I'm looking into an approach in which we make the get info dump for VFs orthogonal to the set VF info, i.e. like this:

To set VF info we would follow the current convention:

# ip link set eth(x) vf (n) mac xx:xx:xx:xx:xx:xx
# ip link set eth(x) vf (n) vlan (nnnn)

To see VF info:

# ip link show eth(x) vf (n)

would show that VF's mac and vlan and could then be expanded in the future to display more information required for additional features that users are asking for.

The IFLA_VF_INFO dump would be moved out of the info dump for the physical function interface and would no longer be nested which would get rid of the need for huge amounts of buffer for info dumps on VFs.  The ip link show command for the PF would need to report the number of VFs currently allocated to the PF so that could fed into a script that loops to show each VFs info.

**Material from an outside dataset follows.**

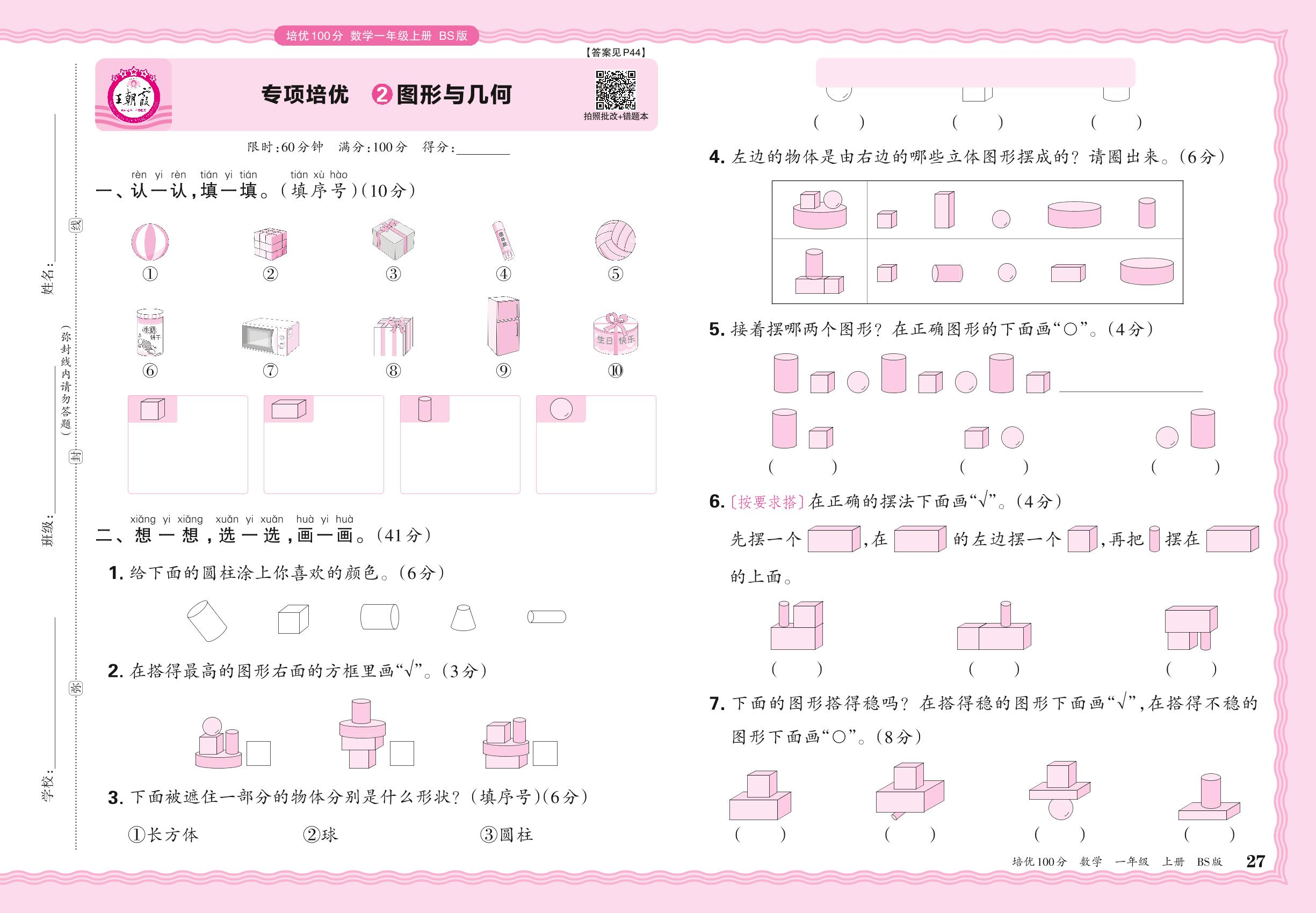 2024秋上册一年级数学北师版 期末专项卷PY版·图形与几何【2】

I think this approach would fix the problems we're looking at right now.

- Greg
Eric Dumazet April 27, 2011, 5:29 p.m. UTC | #7
Le mercredi 27 avril 2011 à 10:15 -0700, Rose, Gregory V a écrit :
> > -----Original Message-----
> > From: netdev-owner@vger.kernel.org [mailto:netdev-owner@vger.kernel.org]
> > On Behalf Of Eric Dumazet
> > Sent: Wednesday, April 27, 2011 9:30 AM
> > To: Steve Hodgson
> > Cc: Rose, Gregory V; David Miller; netdev@vger.kernel.org;
> > bhutchings@solarflare.com
> > Subject: Re: [RFC PATCH] netlink: Increase netlink dump skb message size
> > 
> > Le mercredi 27 avril 2011 à 16:46 +0100, Steve Hodgson a écrit :
> > > On 04/27/2011 04:24 PM, Eric Dumazet wrote:
> > > > Le mardi 26 avril 2011 à 09:12 -0700, Rose, Gregory V a écrit :
> > > >
> > > >> I'm fine with however you folks want to approach this, just give me
> > some direction.
> > > >
> > > > I would just try following patch :
> > > >
> > >
> > > This allows the sfc driver to use 102 VFs, up from the current limit of
> > > 45 VFs.
> > >
> > > It's unfortunate that this patch isn't sufficient to allow all 127 VFs
> > > to be used, but whilst we wait for a new netlink api this is an
> > > improvement worth having.
> > >
> > 
> > netlink recvmsg() supports MSG_PEEK so user would get the needed size of
> > its buffer before calling the real recvmsg()
> > 
> > big blobs could be attached as skb fragments (up to 64Kbytes), but do we
> > really want this...
> [Greg Rose] 
> 
> I'm looking into an approach in which we make the get info dump for VFs orthogonal to the set VF info, i.e. like this:
> 
> To set VF info we would follow the current convention:
> 
> # ip link set eth(x) vf (n) mac xx:xx:xx:xx:xx:xx
> # ip link set eth(x) vf (n) vlan (nnnn)
> 
> To see VF info:
> 
> # ip link show eth(x) vf (n)
> 
> would show that VF's mac and vlan and could then be expanded in the future to display more information required for additional features that users are asking for.
> 
> The IFLA_VF_INFO dump would be moved out of the info dump for the physical function interface and would no longer be nested which would get rid of the need for huge amounts of buffer for info dumps on VFs.  The ip link show command for the PF would need to report the number of VFs currently allocated to the PF so that could fed into a script that loops to show each VFs info.
> 
> I think this approach would fix the problems we're looking at right now.
> 

Hmm, if you look at "ip link ..." you'll see it dumps everything from
kernel and does the filter inside user command.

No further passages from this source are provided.